# Moment of inertia

• Jul 19th 2009, 01:51 PM
arbolis
Moment of inertia
I'd like to know where I went wrong :
A lattice with constant density $\rho (x,y)= \rho$ is on the region under the curve $y= \sin x$ from $x=0$ to $x=\pi$. Find the moments of inertia $I_x$ and $I_y$.
My attempt : $I_x$ :
I realize that the region is an upper semi circle with radius $r=1$.
$I_x=\iint _D y^2 \rho (x,y)dA=\int_0^{\pi} \int_0^{1} (\rho \sin (\theta))^2 \rho ^2 d \rho d\theta=\frac{\pi}{10}$, which mean that $I_x$ does not depend on the mass of the lattice!
I'm guessing that my error comes from the first step, that is $\iint _D y^2 \rho (x,y)dA=\int_0^{\pi} \int_0^{1} (\rho \sin (\theta))^2 \rho ^2 d \rho d\theta$. Should I replace $y$ by $\sin x$, so $y=\sin (\cos (\theta))$?

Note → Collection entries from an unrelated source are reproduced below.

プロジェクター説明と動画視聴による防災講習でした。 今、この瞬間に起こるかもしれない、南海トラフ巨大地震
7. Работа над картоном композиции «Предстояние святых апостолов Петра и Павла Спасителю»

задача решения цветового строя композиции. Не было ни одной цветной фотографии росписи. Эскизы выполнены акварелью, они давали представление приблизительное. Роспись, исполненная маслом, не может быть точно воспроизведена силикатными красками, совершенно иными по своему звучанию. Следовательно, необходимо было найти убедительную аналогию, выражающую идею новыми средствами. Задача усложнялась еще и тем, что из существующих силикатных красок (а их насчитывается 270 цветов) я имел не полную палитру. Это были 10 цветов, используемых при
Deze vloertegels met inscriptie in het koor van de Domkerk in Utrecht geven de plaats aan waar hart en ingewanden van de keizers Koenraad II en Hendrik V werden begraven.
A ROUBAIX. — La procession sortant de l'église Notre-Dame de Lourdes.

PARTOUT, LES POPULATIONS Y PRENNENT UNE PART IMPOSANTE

If so, then I don't understand why I can't take $y$ as $\rho \sin (\theta)$...
• Jul 19th 2009, 03:38 PM
Jester
Quote:

Originally Posted by arbolis
I'd like to know where I went wrong :
A lattice with constant density $\rho (x,y)= \rho$ is on the region under the curve $y= \sin x$ from $x=0$ to $x=\pi$. Find the moments of inertia $I_x$ and $I_y$.
My attempt : $I_x$ :
I realize that the region is an upper semi circle with radius $r=1$.

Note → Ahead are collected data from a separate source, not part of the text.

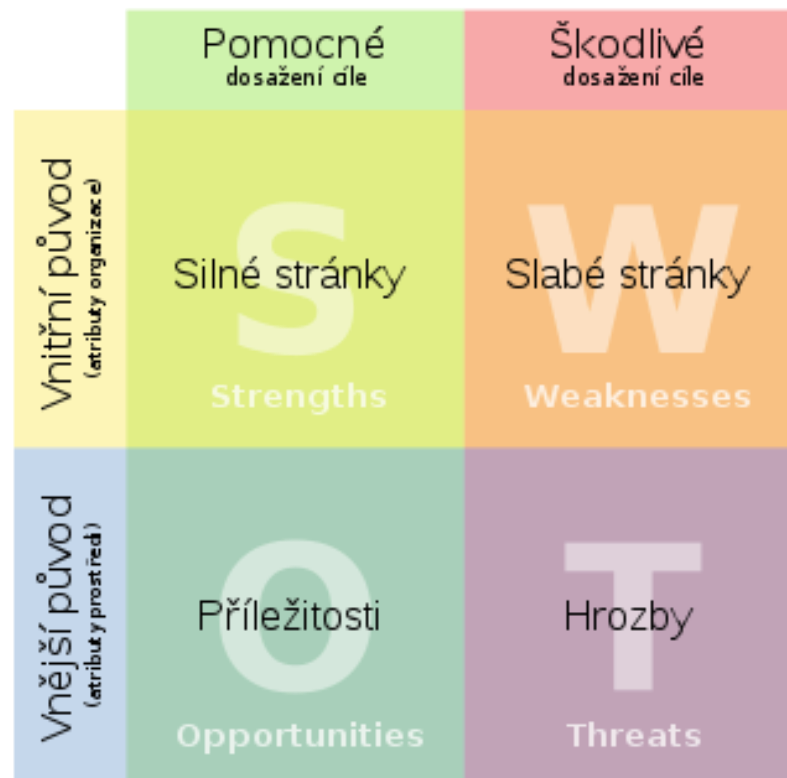
Obr. 1 SWOT analýza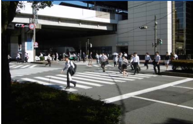
① 東口駅前交差点の横断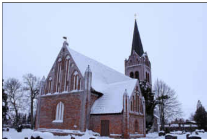
Winterimpressionen - Kirche Liepen

Dienstag, den 5. März um 14:30 Uhr im Pfarrhaus.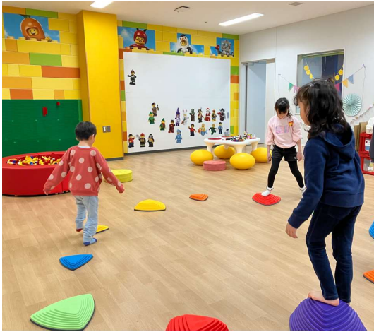
学童保育専用ルーム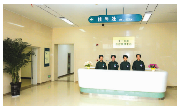
东院区急诊护士站

宽阔、通畅的门诊医疗主街是东院区的创新性设计,三条主街贯通南北、动静结合,不仅使患者就诊更加便捷,更使医疗流程更加简洁,其规模、功能都在国内医院中首屈一指。

$I_x=\iint _D y^2 \rho (x,y)dA=\int_0^{\pi} \int_0^{1} (\rho \sin (\theta))^2 \rho ^2 d \rho d\theta=\frac{\pi}{10}$, which mean that $I_x$ does not depend on the mass of the lattice!
I'm guessing that my error comes from the first step, that is $\iint _D y^2 \rho (x,y)dA=\int_0^{\pi} \int_0^{1} (\rho \sin (\theta))^2 \rho ^2 d \rho d\theta$. Should I replace $y$ by $\sin x$, so $y=\sin (\cos (\theta))$?
If so, then I don't understand why I can't take $y$ as $\rho \sin (\theta)$...

You've got to be careful. You are using $\rho$ for two different things here. A density and a changing radius.